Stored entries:
########################################

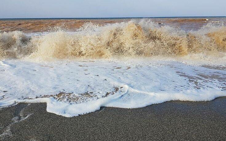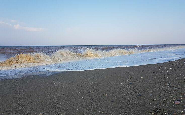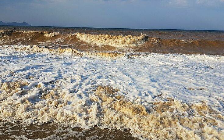 Στην Ανατολική Εύβοια , τα νερά στις παραλίες έγιναν καφέ από τα φερτά υλικά που κατέβασαν τα ορμητικά νερά.
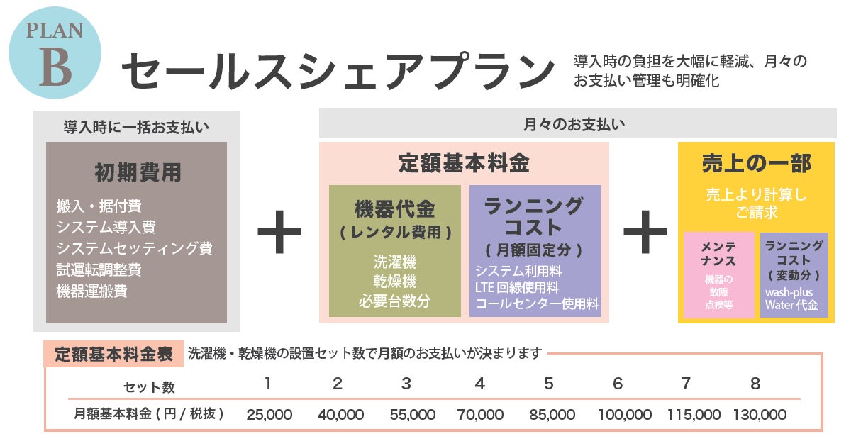 株式会社wash-plus(本社:千葉県浦安市、代表取締役:⾼梨健太郎)が、好評販売中の宿泊施設向けランドリー「wash+ Comfort」について、導⼊費⽤を抑えた新プラン「セールスシェアプラン」を発表、10⽉1 ⽇より提供を開始しました。
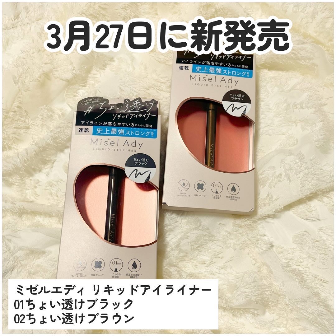 ♡ミゼルエディリキッドアイライナー01ちょい透けブラック02ちょい透けブラウン@_squseme_自然な抜け感が叶う、絶妙な「ちょい透け」発色のリキッドアイライナー🕊️🤍先端0.1mmの極細筆で、水・汗・皮脂・こすれにも負けないストロング処方...
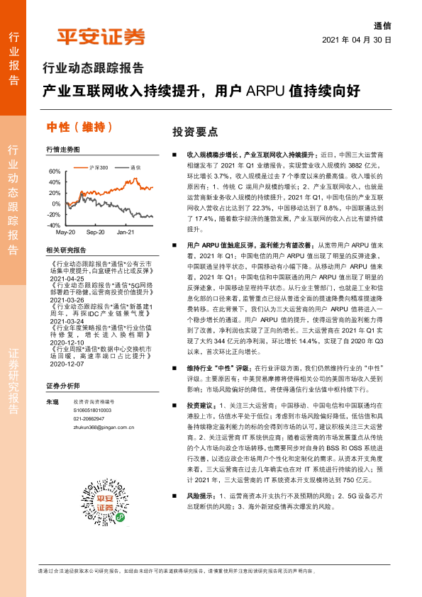 【平安证券】【20210430】通信行业动态跟踪报告:产业互联网收入持续提升,用户ARPU值持续向好-6页
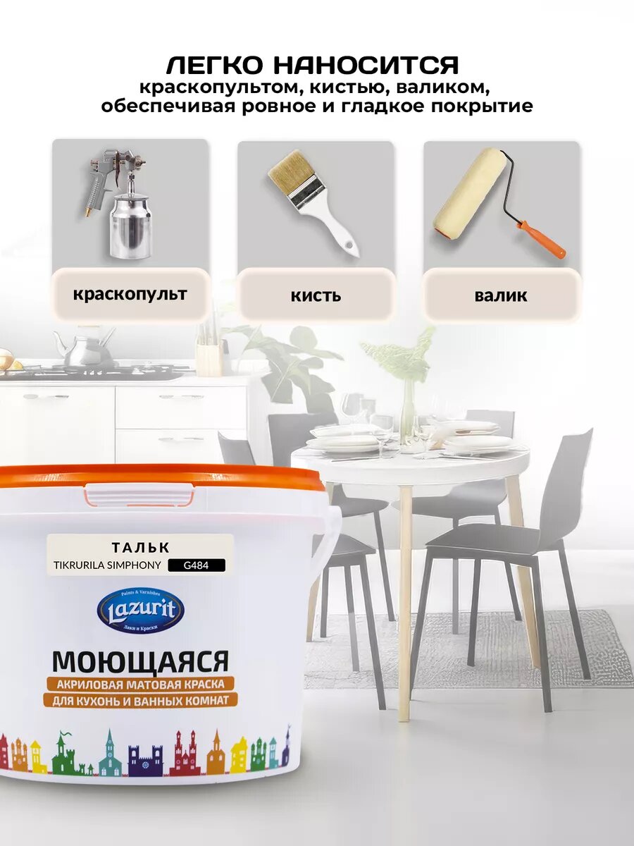 СохранитьLAZURIT Моющаяся краска для кухонь и ванн 3кг/G484 тальк интересное:
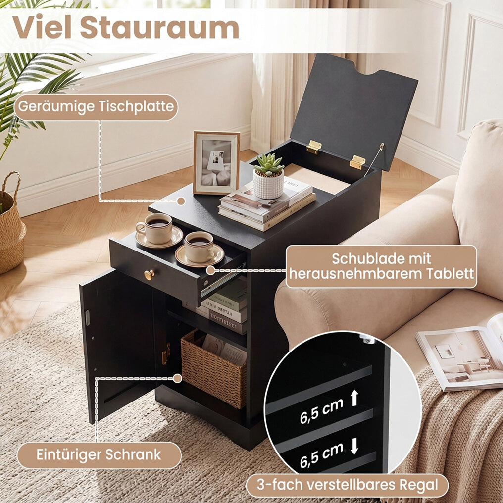 Adjustable shelf and removable tray : Inside the cabinet is an adjustable shelf with three height settings, allowing you to customize your storage space. The drawer contains a removable tray with three compartments for cups, remote controls, and other items, keeping essentials within easy reach.

########################################

--- Task statement ---
The copy you produce must hold all the records above exactly and none of their pictures.

--- Exercise response ---
 Στην Ανατολική Εύβοια , τα νερά στις παραλίες έγιναν καφέ από τα φερτά υλικά που κατέβασαν τα ορμητικά νερά.
 株式会社wash-plus(本社:千葉県浦安市、代表取締役:⾼梨健太郎)が、好評販売中の宿泊施設向けランドリー「wash+ Comfort」について、導⼊費⽤を抑えた新プラン「セールスシェアプラン」を発表、10⽉1 ⽇より提供を開始しました。
 ♡ミゼルエディリキッドアイライナー01ちょい透けブラック02ちょい透けブラウン@_squseme_自然な抜け感が叶う、絶妙な「ちょい透け」発色のリキッドアイライナー🕊️🤍先端0.1mmの極細筆で、水・汗・皮脂・こすれにも負けないストロング処方...
 【平安证券】【20210430】通信行业动态跟踪报告:产业互联网收入持续提升,用户ARPU值持续向好-6页
 СохранитьLAZURIT Моющаяся краска для кухонь и ванн 3кг/G484 тальк интересное:
 Adjustable shelf and removable tray : Inside the cabinet is an adjustable shelf with three height settings, allowing you to customize your storage space. The drawer contains a removable tray with three compartments for cups, remote controls, and other items, keeping essentials within easy reach.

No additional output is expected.